Digermane is produced together with germane by the reduction of germanium dioxide with sodium borohydride. Although the major product is germane, a quantifiable amount of digermane is produced in addition to traces of trigermane. It also arises by the hydrolysis of magnesium-germanium alloys.
The reactions of digermane exhibit some differences between analogous compounds of the Group 14 elements carbon and silicon. However, there are still some similarities seen, especially in regards to pyrolysis reactions.
The oxidation of digermane takes place at lower temperatures than monogermane. The product of the reaction, germanium oxide, has been shown to act in turn as a catalyst of the reaction. This exemplifies a fundamental difference between germanium and the other Group 14 elements carbon and silicon (carbon dioxide and silicon dioxide do not exhibit the same catalytic properties).

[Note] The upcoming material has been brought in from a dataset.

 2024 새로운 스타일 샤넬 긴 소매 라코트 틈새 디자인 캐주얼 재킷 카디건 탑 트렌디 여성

2Ge2H6 + 7O2 → 4GeO2 + 6H2O
In liquid ammonia, digermane undergoes disproportionation. Ammonia acts as a weakly basic catalyst. Products of the reaction are hydrogen, germane, and a solid polymeric germanium hydride.

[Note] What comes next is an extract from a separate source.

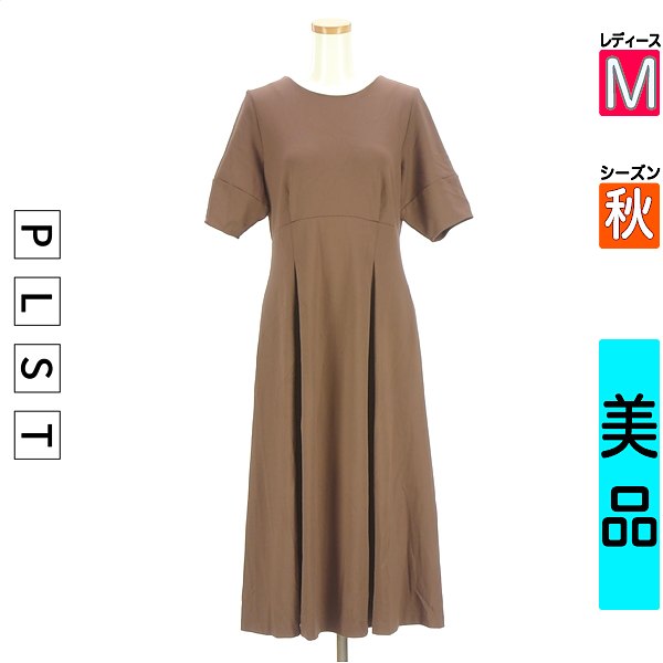 \先着50名様★全品50%OFFクーポン/ プラステ PLST ワンピース チュニック レディース 秋 半袖 ブラウン M ウエストタックストレッチロングワンピース 【中古】【古着】【大幅値下】楽天スーパーSALE

Pyrolysis of digermane is proposed to follow multiple steps:
- Ge2H6 → 2GeH3
- GeH3 + Ge2H6 → GeH4 + Ge2H5
- Ge2H5 → GeH2 + GeH3
- GeH2 → Ge + H2
- 2GeH2 → GeH4 + Ge
- nGeH2 → (GeH2)n
This pyrolysis has been found to be more endothermic than the pyrolysis of disilane. This difference is attributed to the greater strength of the Ge-H bond vs the Si-H bond. As seen in the last reaction of the mechanism above, pyrolysis of digermane may induce polymerization of the GeH2 group, where GeH3 acts as a chain propagator and molecular hydrogen gas is released. The dehydrogenation of digermane on gold leads to the formation of germanium nanowires.
Digermane is a precursor to Ge2H5ECF3, where E is either sulfur or selenium. These trifluoromethylthio and trifluoromethylseleno derivatives possess a markedly higher thermal stability than digermane itself.
Digermane has a limited applications, germane itself is the preferred volatile germanium hydride. Generally, digermane is primarily used a precursor to germanium for use in various applications. Digermane can be used to deposit Ge-containing semiconductors via chemical vapor deposition.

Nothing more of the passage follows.